SAN FRANCISCO — Same-sex marriage supporters gathering for gay pride parades in several major U.S. cities got more good news Sunday when Supreme Court Justice Anthony Kennedy denied a last-ditch request from the sponsors of California’s now-overturned gay marriage ban to halt the issuance of same-sex marriage licenses in the nation’s most populous state.

Kennedy turned away the appeal with no additional comment as the 43rd annual pride parade was getting underway in San Francisco, where dozens of couples have gotten married since Friday and where the clerk’s office remained open to issue more licenses on Sunday.

Same-sex marriage opponents asked Kennedy to step in on Saturday, a day after the federal appeals court in San Francisco allowed same-sex marriages to go forward by lifting a hold it had imposed on such unions while a lawsuit challenging the state’s voter-approved ban on gay marriage made its way to and through the high court.
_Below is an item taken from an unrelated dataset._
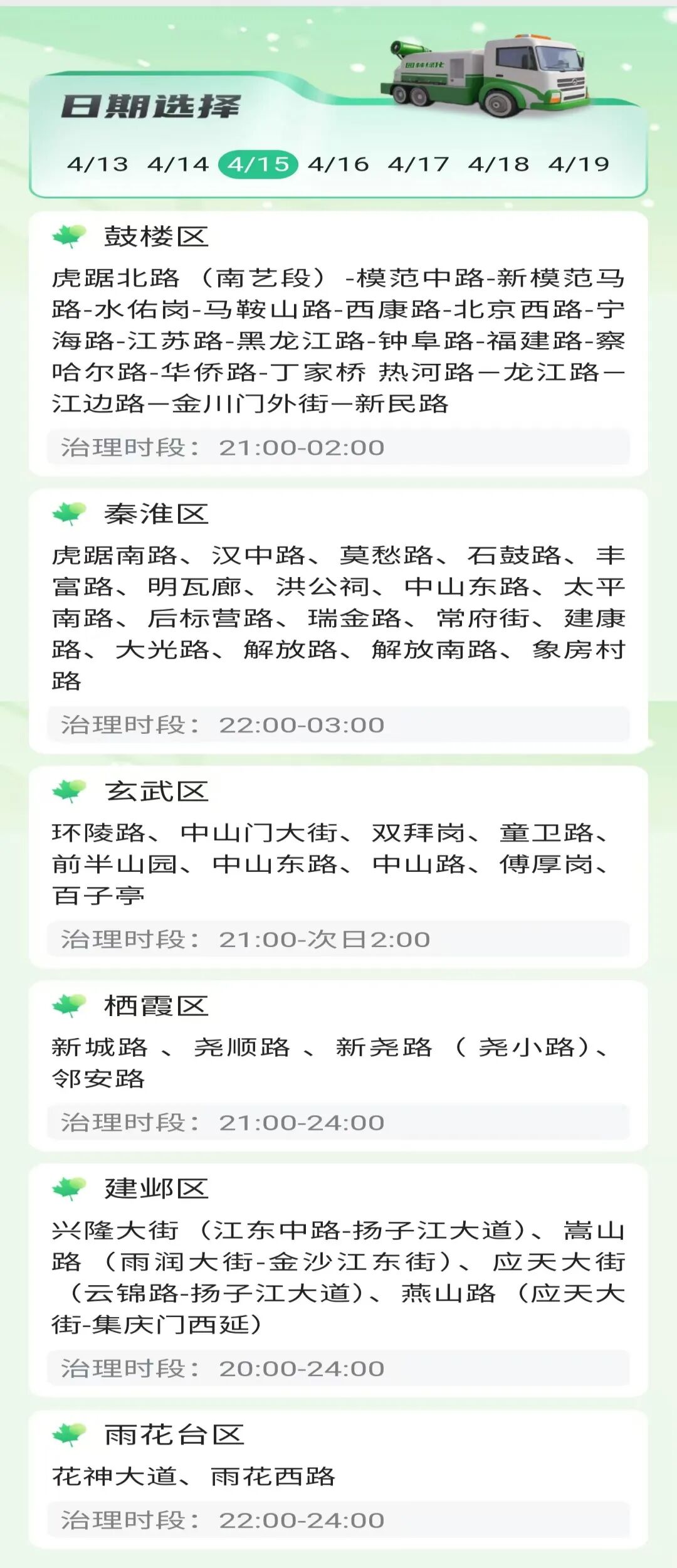 4月初,市绿化园林局指导主城各区绿化主管部门提前做好吹絮工作准备,根据法桐果球成熟及气温情况,主城各区已于4月13日全面启动夜间吹絮工作。今年南京市将继续对主城区约200条道路,共48300余株法桐行道树,采取动态循环方式进行治理作业。市民朋友可登录法桐飘絮预报服务系统查询每周治理道路和时段。

The Supreme Court cleared the way for the marriages to resume for the first time in 4 ½ years when it ruled Wednesday that Proposition 8’s backers lacked standing to defend the 2008 law once California’s governor and attorney general refused to do so.

The two couples who sued to overturn Proposition 8 are riding in a contingent organized by San Francisco’s city attorney. Newlyweds Kris Perry and Sandy Stier of Berkeley, and Paul Katami and Jeff Zarrillo of Burbank, got married on Friday within hours of the appeals court’s action.
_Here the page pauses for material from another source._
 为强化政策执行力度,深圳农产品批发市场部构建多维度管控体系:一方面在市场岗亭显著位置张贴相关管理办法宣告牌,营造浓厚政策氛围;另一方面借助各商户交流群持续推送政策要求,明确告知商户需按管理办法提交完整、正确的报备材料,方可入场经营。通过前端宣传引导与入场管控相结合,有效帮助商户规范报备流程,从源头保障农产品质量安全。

Attorney General Kamala Harris, whose decision not to defend the ban helped secure its defeat, also is participating as a grand marshal. Parade organizers planned to hold a VIP reception for couples who have married in San Francisco over the weekend.

San Francisco was not the only city hosting what were expected to be especially well-attended and exuberant gay pride parades following the court’s decision in the California case and a second ruling granting gay couples the federal benefits of marriage they were previously denied. Large crowds also gathered in New York, Chicago, Minneapolis-St. Paul, Seattle and St. Louis.
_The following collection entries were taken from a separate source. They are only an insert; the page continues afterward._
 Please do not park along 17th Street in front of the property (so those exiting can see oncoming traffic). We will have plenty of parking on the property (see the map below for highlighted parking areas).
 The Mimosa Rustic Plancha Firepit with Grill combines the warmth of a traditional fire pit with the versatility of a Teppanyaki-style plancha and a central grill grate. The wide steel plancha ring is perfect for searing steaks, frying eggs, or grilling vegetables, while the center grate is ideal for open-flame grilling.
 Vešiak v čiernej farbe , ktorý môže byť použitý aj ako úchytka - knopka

The parade in New York City, where the first pride march was held 44 years ago to mark the one-year anniversary of the Stonewall Inn riots that kicked off the modern gay rights movement, also was a sort of victory lap for Edith Windsor, the 84-year-old widow who challenged the federal Defense of Marriage Act after she was forced to pay $363,053 on the estate of her late wife.

Windsor was picked as a grand marshal of New York’s parade months ago and planned to walk up Fifth Avenue during the event.

In Chicago, 25-year-old Catherine Gallagher was part of a massive crowd celebrating the court rulings. It was her first time at the pride parade, and she said high court’s decision that says gay married couples should have the same rights as gay ones makes the parade even better.